▶ [GIVEN DATA]:

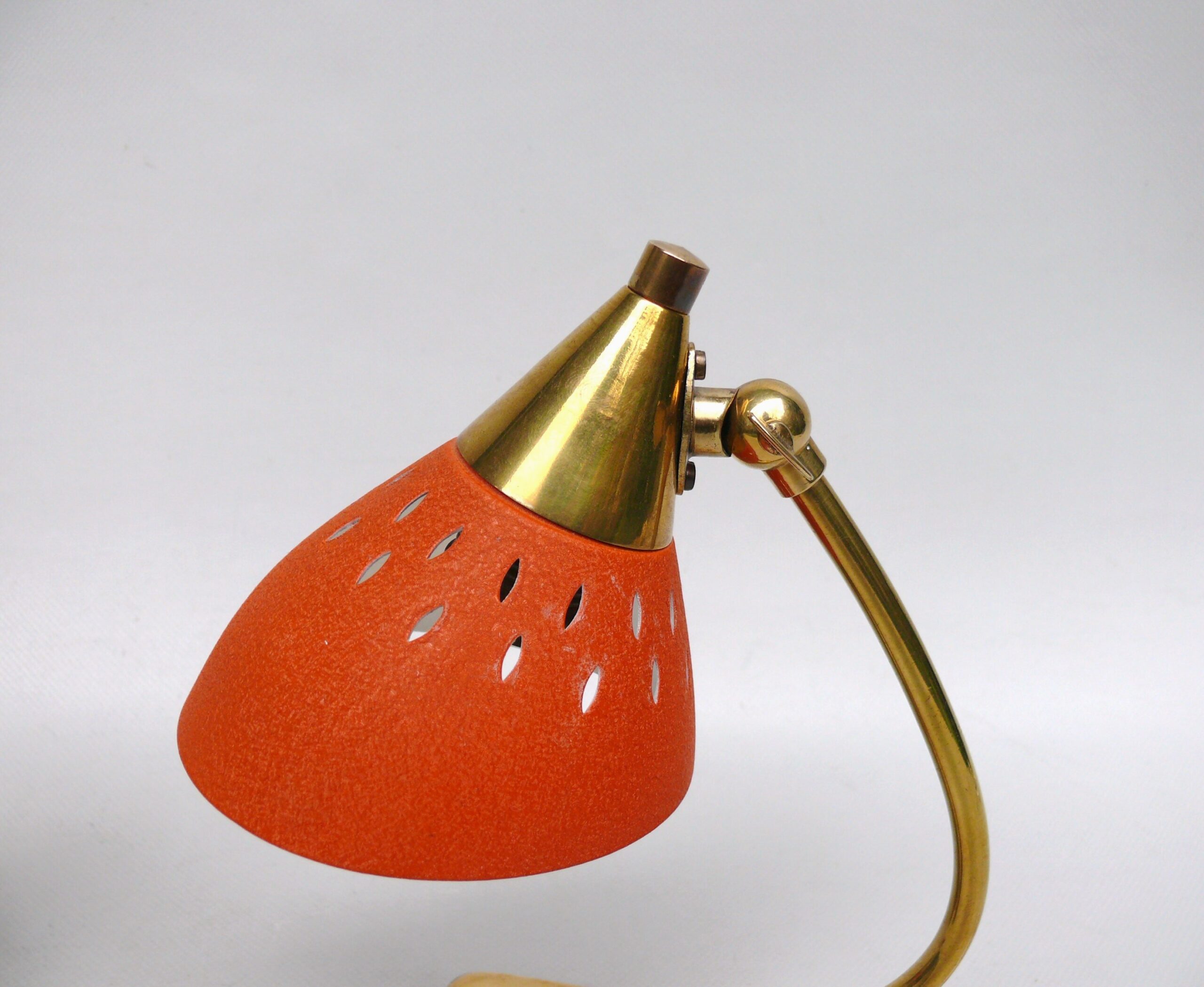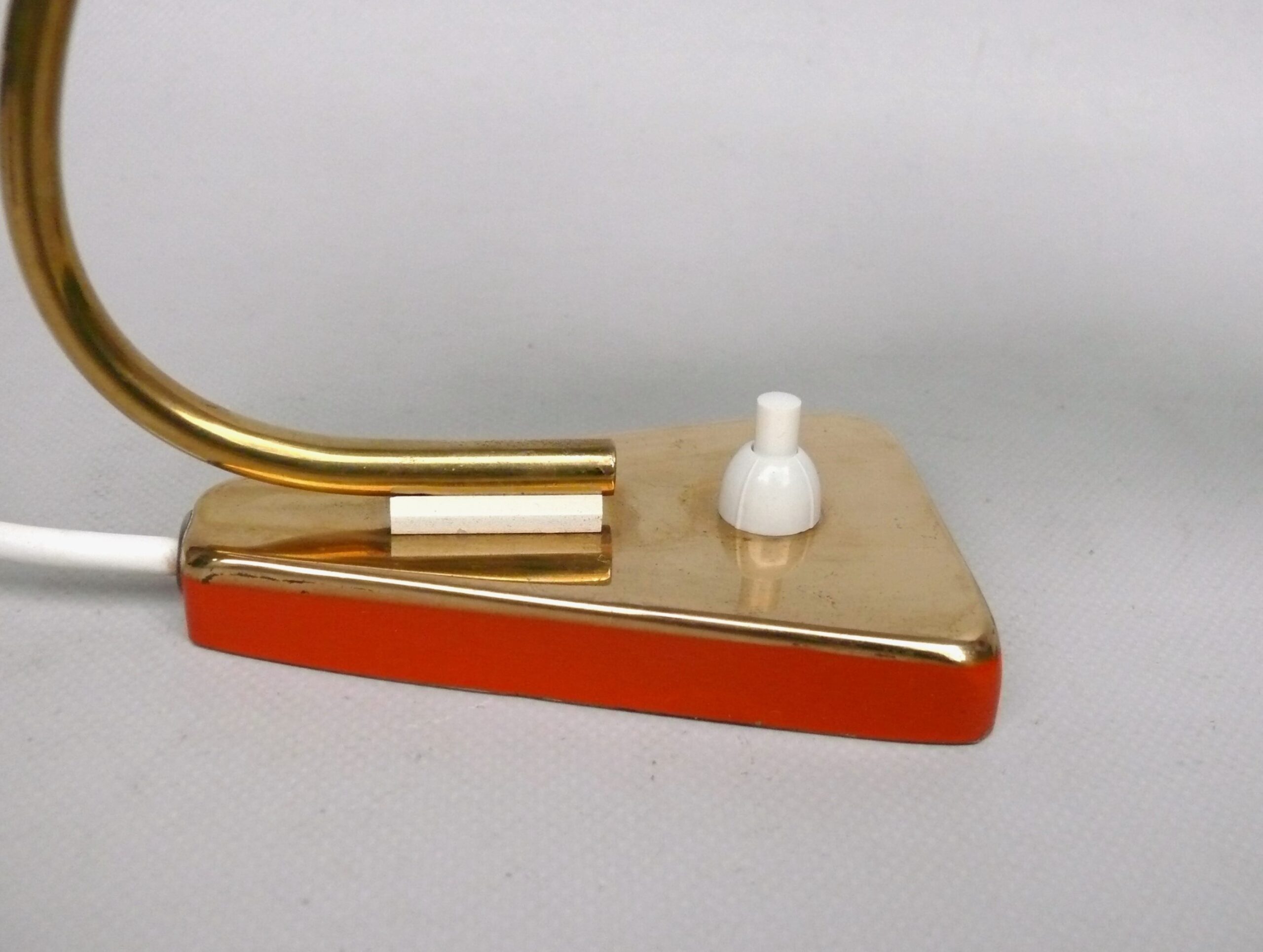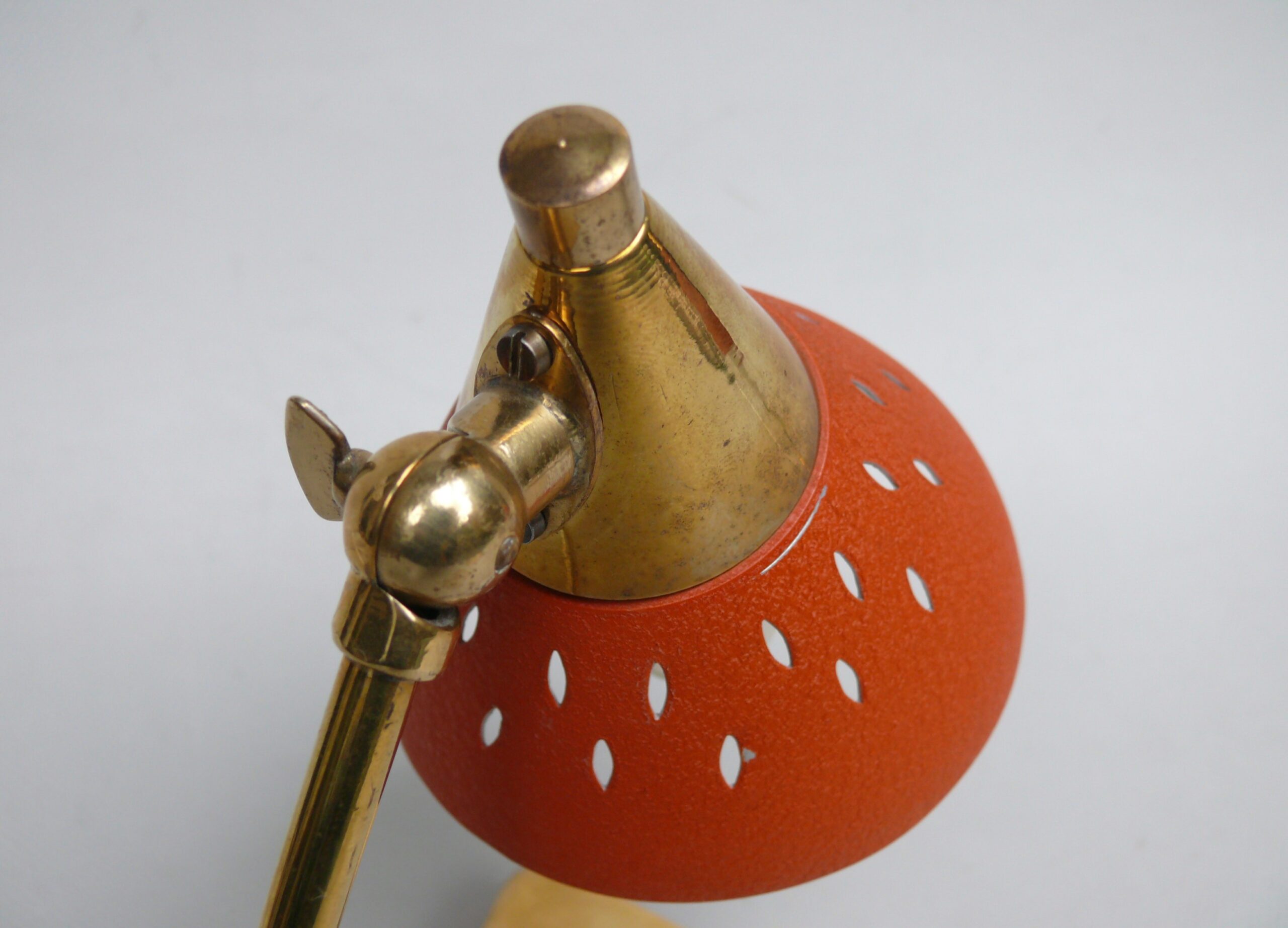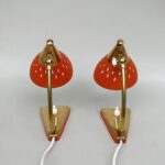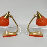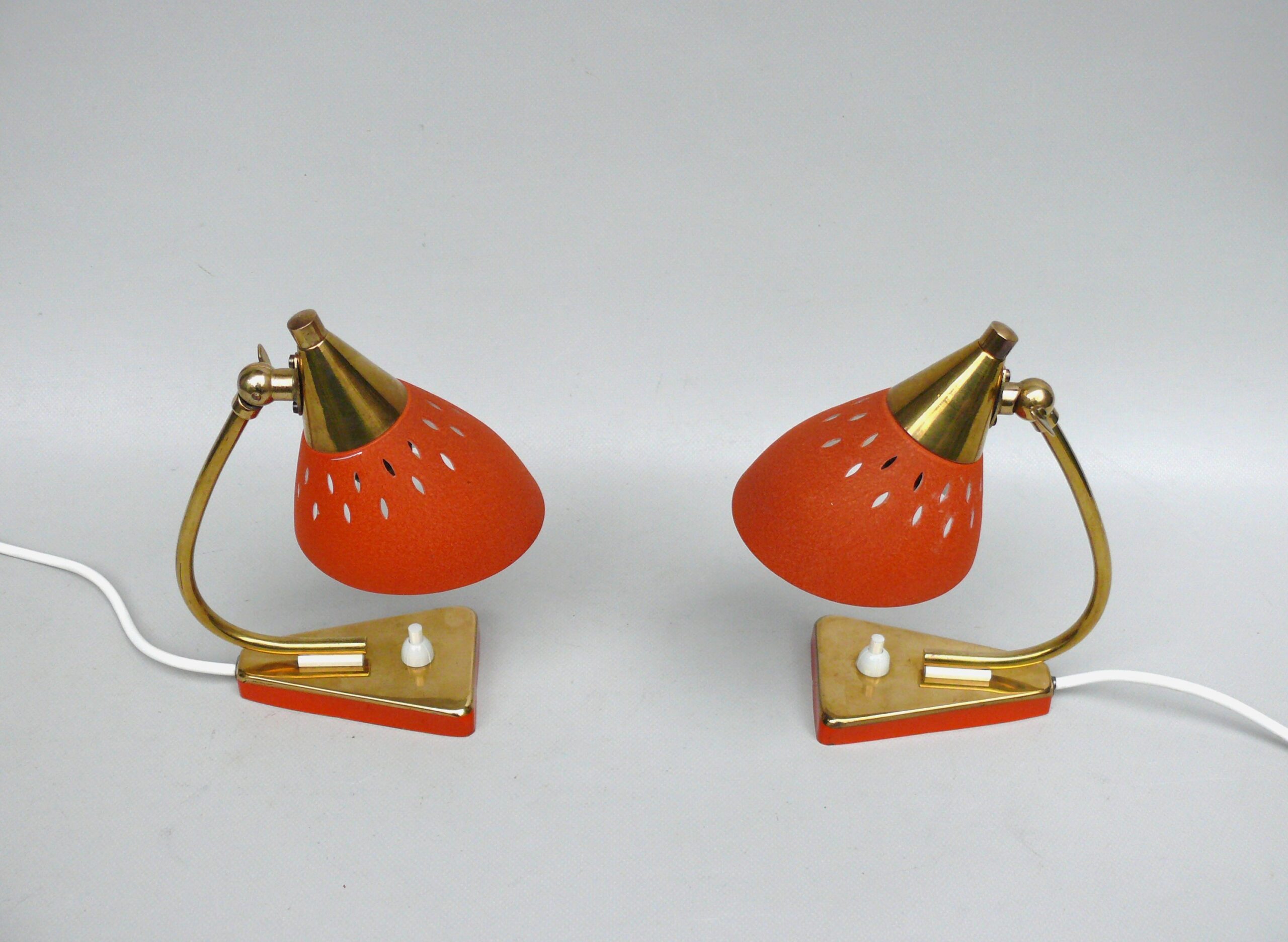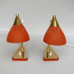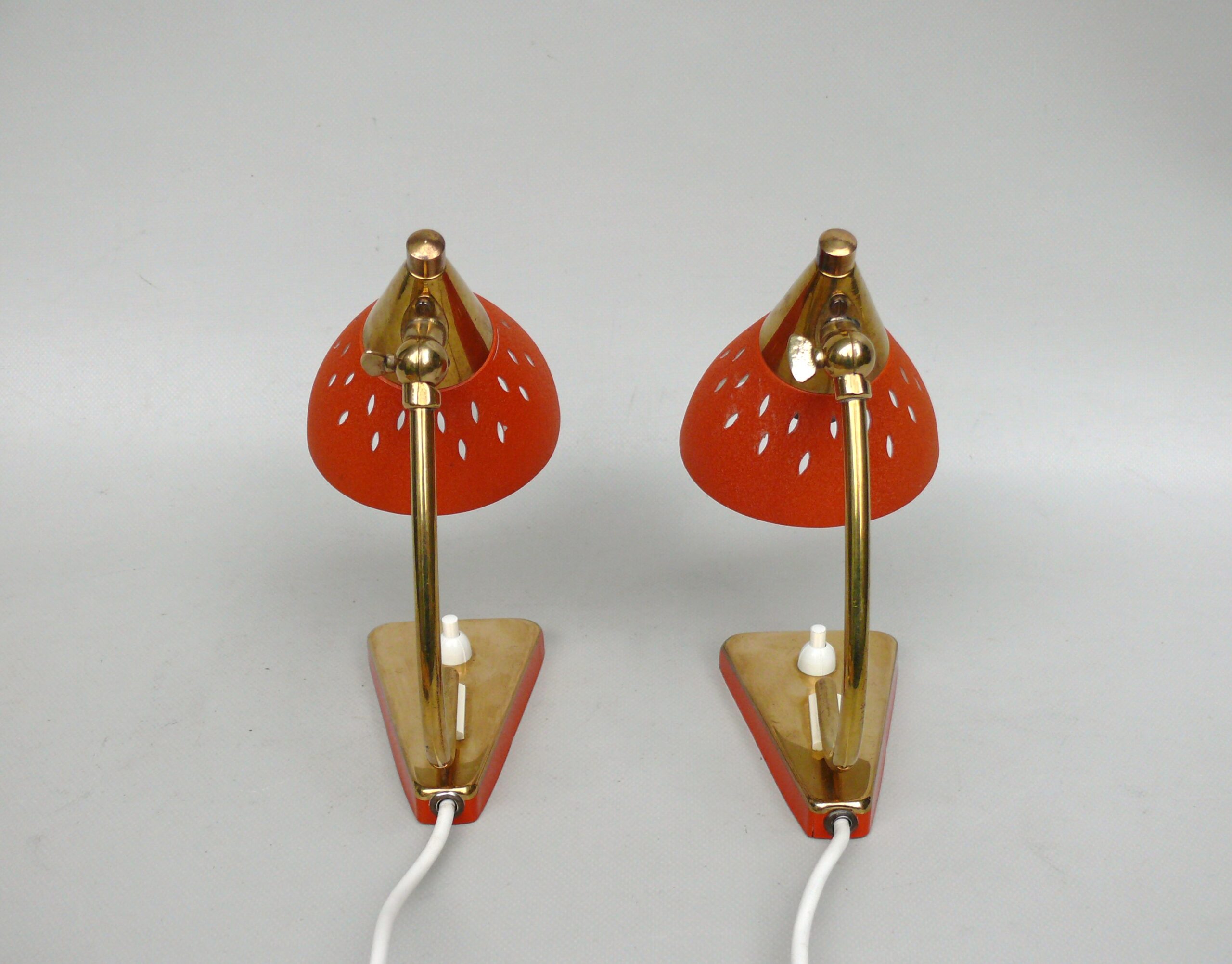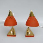 NP19 – 1 Paar Nachttischleuchten, 50er Jahre, Deutschland, orange, weiß, Messing, zugeschrieben Gebr. Cosack, Neheim-Hüsten
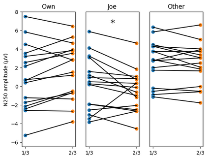 翻译:面部裸露的神经相关神经关系——为新面孔获取记忆表征——仅以粗略的细节研究,而无视学员之间的个人差异。在他们的开创性研究中,(Tanaka、Curran、Porterfield和Collins,2006年)需要查明70个试验中的某一特定新面孔,发现企业资源规划中的N250部分从试验的上半部到下半部变得更为负面,在试验中,它达到一个众所周知的表情。当我们使用最初的分解试验时,我们无法直接复制我们的研究中的这一发现。然而,当我们使用不同的分解试验时,我们观察到了N250度变化非常相似的变化。随后,我们开发并应用了一个新的两步调异的共性非分辨方法,在70个试验中,我们发现,根据一次试验的第一至下方的表情显示,单个参与者的面部相向下方的面部位开始急剧上升,从最初的面部位向前方位调整,到最前方的直线性趋势在最初的阶段形成更接近。
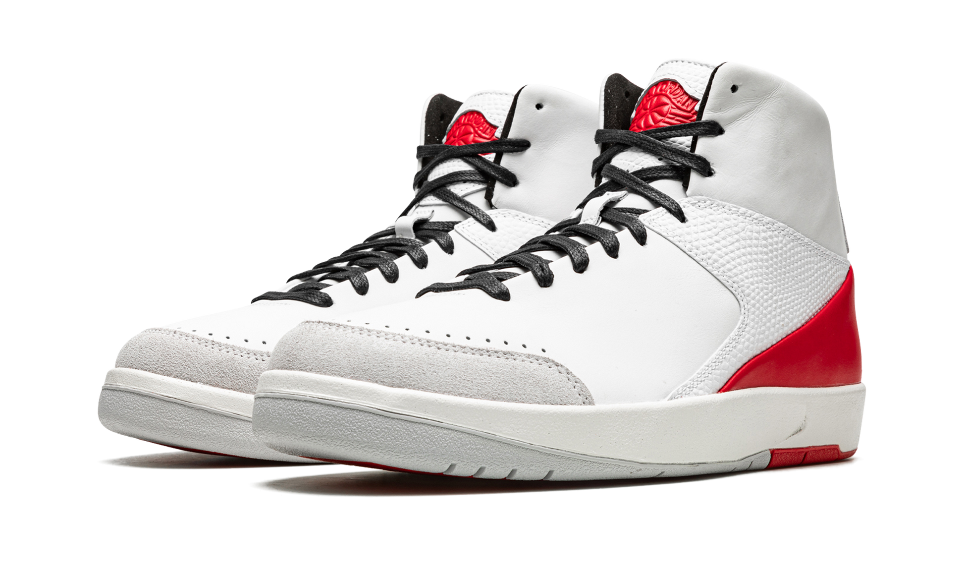 The Nina Chanel Abney x Women's Air Jordan 2 is a collaboration between the Chicago-born artist and Jordan Brand on a women's-exclusive colorway of Michael Jordan's second signature shoe. Leaning into the Air Jordan 2's original “Made in Italyâ€?design. Nina's vision of the vintage basketball shoe stays true to its luxury design roots. as well as draws inspiration from its original “Chicagoâ€?colorway. The upper features smooth white leather on the toe and mid-panel. Faux reptilian white leather can be found on the overlays and tongue. The toe features a grey suede overlay. while a fiery red overlay is found on the heel. Classic “Nikeâ€?branding is located on the heel. and a red “Wingsâ€?logo appears on the tongue. Release date: July 8. 2022
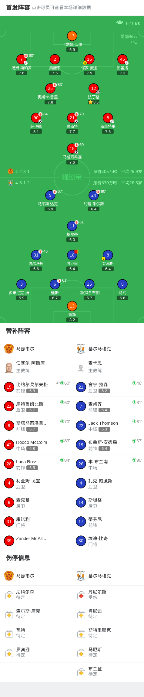 马瑟韦尔4-0大胜基尔马诺克,法丁格、萨伊德破门

▶ [TASK GOAL]: Copy out the whole listing exactly, and don't carry over any pictures.

▶ [THE ANSWER]:
 NP19 – 1 Paar Nachttischleuchten, 50er Jahre, Deutschland, orange, weiß, Messing, zugeschrieben Gebr. Cosack, Neheim-Hüsten
 翻译:面部裸露的神经相关神经关系——为新面孔获取记忆表征——仅以粗略的细节研究,而无视学员之间的个人差异。在他们的开创性研究中,(Tanaka、Curran、Porterfield和Collins,2006年)需要查明70个试验中的某一特定新面孔,发现企业资源规划中的N250部分从试验的上半部到下半部变得更为负面,在试验中,它达到一个众所周知的表情。当我们使用最初的分解试验时,我们无法直接复制我们的研究中的这一发现。然而,当我们使用不同的分解试验时,我们观察到了N250度变化非常相似的变化。随后,我们开发并应用了一个新的两步调异的共性非分辨方法,在70个试验中,我们发现,根据一次试验的第一至下方的表情显示,单个参与者的面部相向下方的面部位开始急剧上升,从最初的面部位向前方位调整,到最前方的直线性趋势在最初的阶段形成更接近。
 The Nina Chanel Abney x Women's Air Jordan 2 is a collaboration between the Chicago-born artist and Jordan Brand on a women's-exclusive colorway of Michael Jordan's second signature shoe. Leaning into the Air Jordan 2's original “Made in Italyâ€?design. Nina's vision of the vintage basketball shoe stays true to its luxury design roots. as well as draws inspiration from its original “Chicagoâ€?colorway. The upper features smooth white leather on the toe and mid-panel. Faux reptilian white leather can be found on the overlays and tongue. The toe features a grey suede overlay. while a fiery red overlay is found on the heel. Classic “Nikeâ€?branding is located on the heel. and a red “Wingsâ€?logo appears on the tongue. Release date: July 8. 2022
 马瑟韦尔4-0大胜基尔马诺克,法丁格、萨伊德破门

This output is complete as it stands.